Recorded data
◇ ◇ ◇
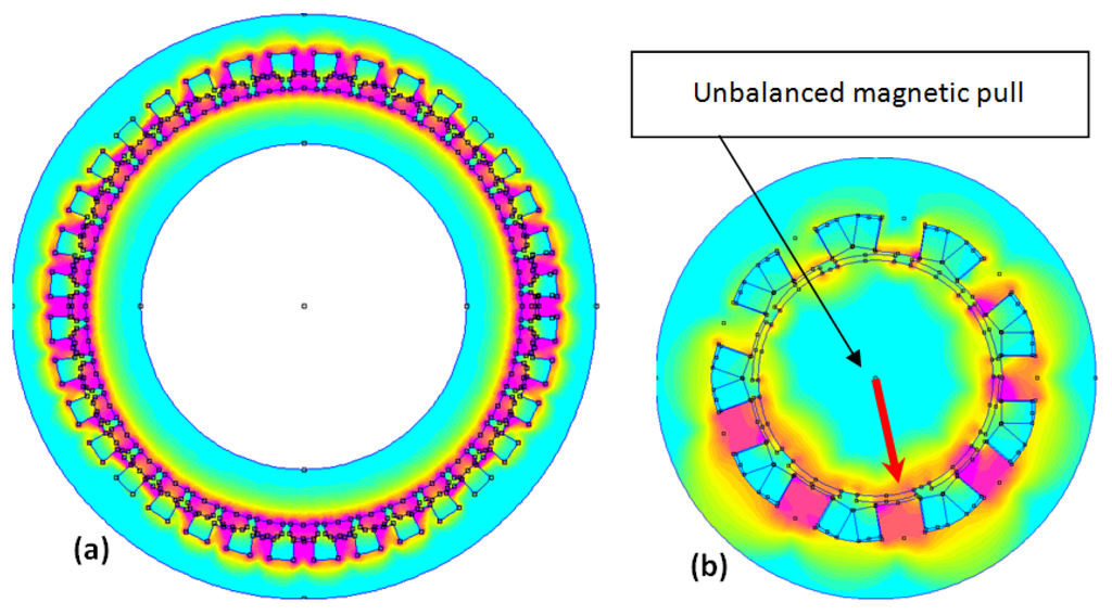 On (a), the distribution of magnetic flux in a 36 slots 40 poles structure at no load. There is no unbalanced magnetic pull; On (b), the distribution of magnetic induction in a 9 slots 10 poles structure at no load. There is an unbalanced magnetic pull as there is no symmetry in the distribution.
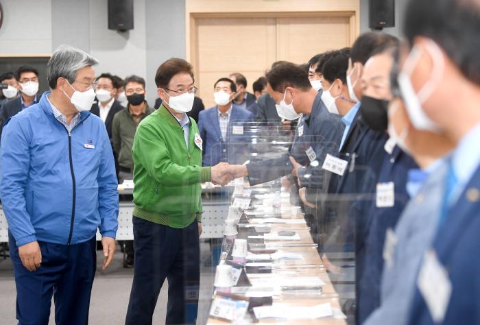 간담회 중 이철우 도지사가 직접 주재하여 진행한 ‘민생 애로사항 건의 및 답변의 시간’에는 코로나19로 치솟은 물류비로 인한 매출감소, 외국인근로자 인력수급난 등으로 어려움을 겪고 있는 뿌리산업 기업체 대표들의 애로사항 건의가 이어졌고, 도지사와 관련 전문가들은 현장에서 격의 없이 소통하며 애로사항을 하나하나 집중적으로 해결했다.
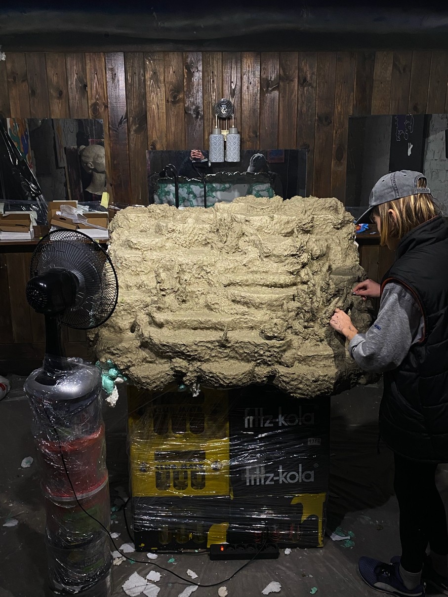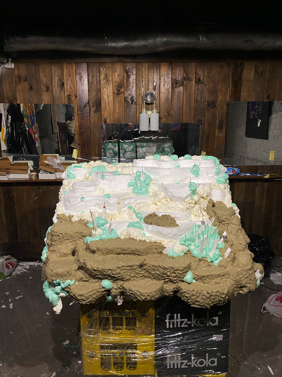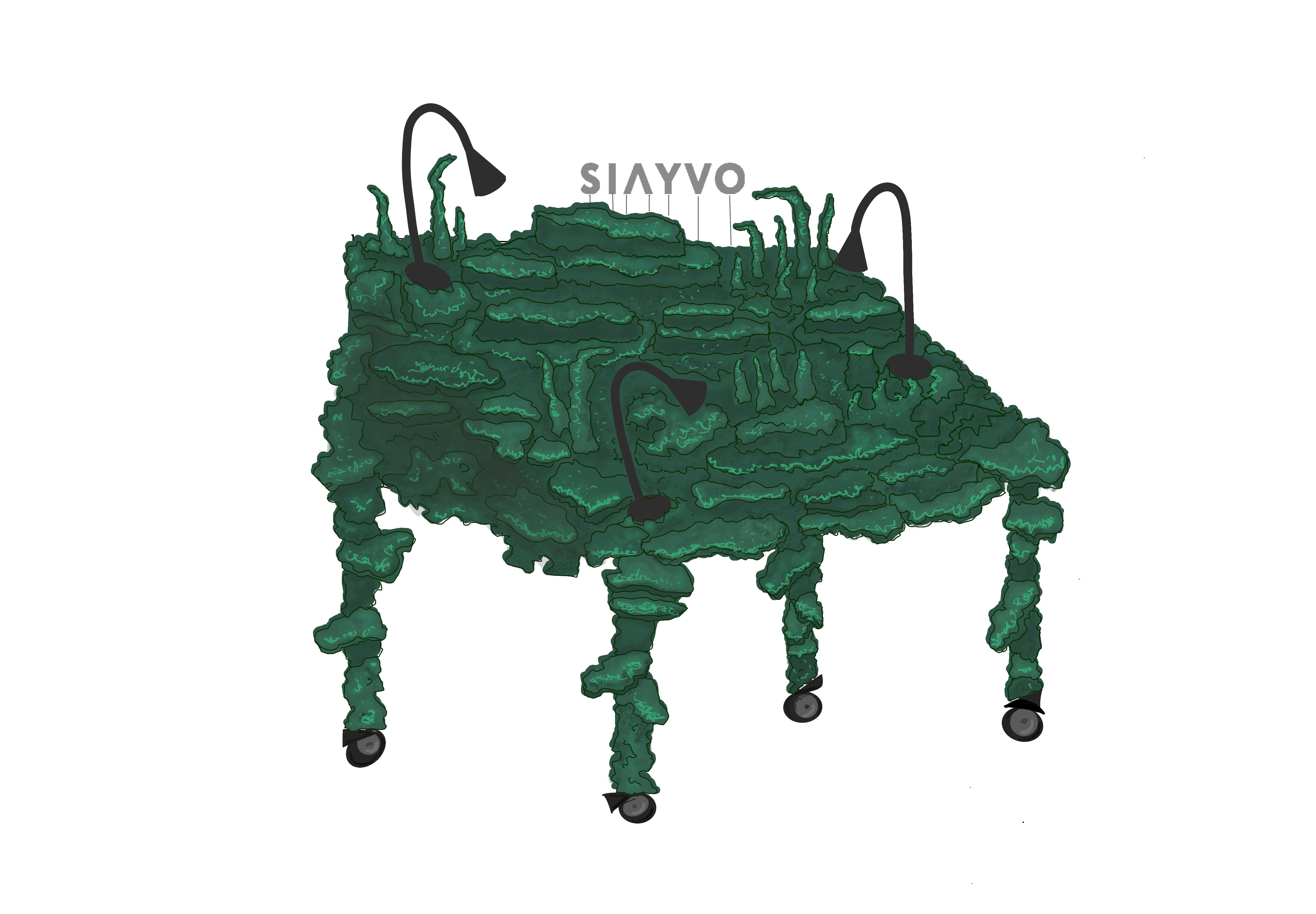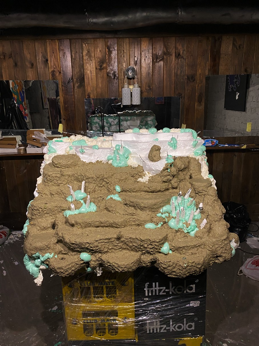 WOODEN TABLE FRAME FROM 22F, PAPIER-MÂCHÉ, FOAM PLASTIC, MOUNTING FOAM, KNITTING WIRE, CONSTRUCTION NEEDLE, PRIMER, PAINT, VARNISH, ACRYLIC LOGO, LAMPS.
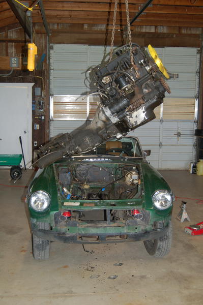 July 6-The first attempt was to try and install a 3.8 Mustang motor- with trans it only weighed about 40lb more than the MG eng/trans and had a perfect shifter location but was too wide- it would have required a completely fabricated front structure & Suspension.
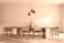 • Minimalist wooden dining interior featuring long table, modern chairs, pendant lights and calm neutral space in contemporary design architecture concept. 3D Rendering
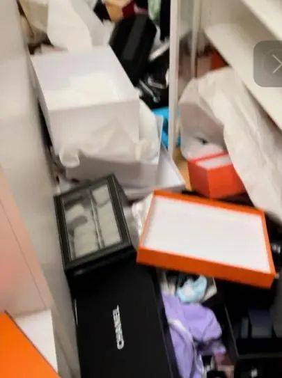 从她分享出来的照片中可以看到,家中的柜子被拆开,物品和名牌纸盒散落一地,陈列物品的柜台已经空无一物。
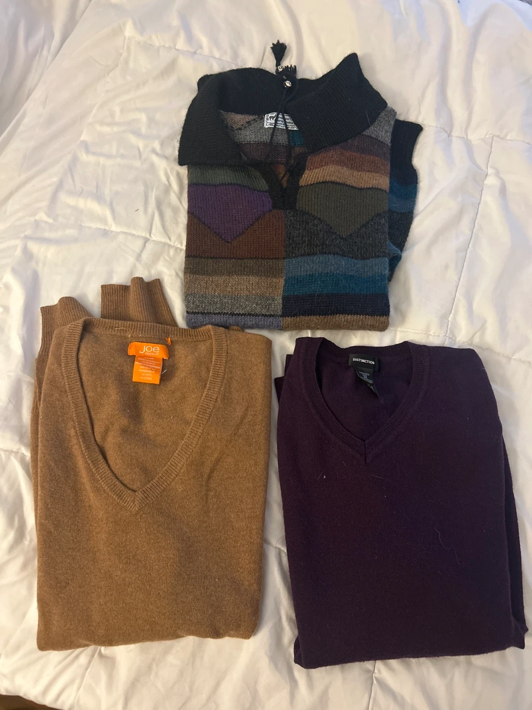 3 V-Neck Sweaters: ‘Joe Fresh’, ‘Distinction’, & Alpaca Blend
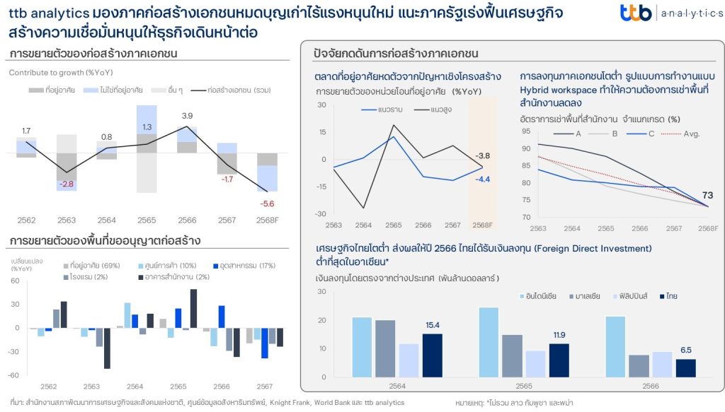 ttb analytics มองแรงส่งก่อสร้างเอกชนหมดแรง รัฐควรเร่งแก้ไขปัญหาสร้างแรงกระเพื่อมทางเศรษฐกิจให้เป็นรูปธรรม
◇ ◇ ◇
Omit every image. Quote each record exactly.

 On (a), the distribution of magnetic flux in a 36 slots 40 poles structure at no load. There is no unbalanced magnetic pull; On (b), the distribution of magnetic induction in a 9 slots 10 poles structure at no load. There is an unbalanced magnetic pull as there is no symmetry in the distribution.
 간담회 중 이철우 도지사가 직접 주재하여 진행한 ‘민생 애로사항 건의 및 답변의 시간’에는 코로나19로 치솟은 물류비로 인한 매출감소, 외국인근로자 인력수급난 등으로 어려움을 겪고 있는 뿌리산업 기업체 대표들의 애로사항 건의가 이어졌고, 도지사와 관련 전문가들은 현장에서 격의 없이 소통하며 애로사항을 하나하나 집중적으로 해결했다.
 WOODEN TABLE FRAME FROM 22F, PAPIER-MÂCHÉ, FOAM PLASTIC, MOUNTING FOAM, KNITTING WIRE, CONSTRUCTION NEEDLE, PRIMER, PAINT, VARNISH, ACRYLIC LOGO, LAMPS.
 July 6-The first attempt was to try and install a 3.8 Mustang motor- with trans it only weighed about 40lb more than the MG eng/trans and had a perfect shifter location but was too wide- it would have required a completely fabricated front structure & Suspension.
 • Minimalist wooden dining interior featuring long table, modern chairs, pendant lights and calm neutral space in contemporary design architecture concept. 3D Rendering
 从她分享出来的照片中可以看到,家中的柜子被拆开,物品和名牌纸盒散落一地,陈列物品的柜台已经空无一物。
 3 V-Neck Sweaters: ‘Joe Fresh’, ‘Distinction’, & Alpaca Blend
 ttb analytics มองแรงส่งก่อสร้างเอกชนหมดแรง รัฐควรเร่งแก้ไขปัญหาสร้างแรงกระเพื่อมทางเศรษฐกิจให้เป็นรูปธรรม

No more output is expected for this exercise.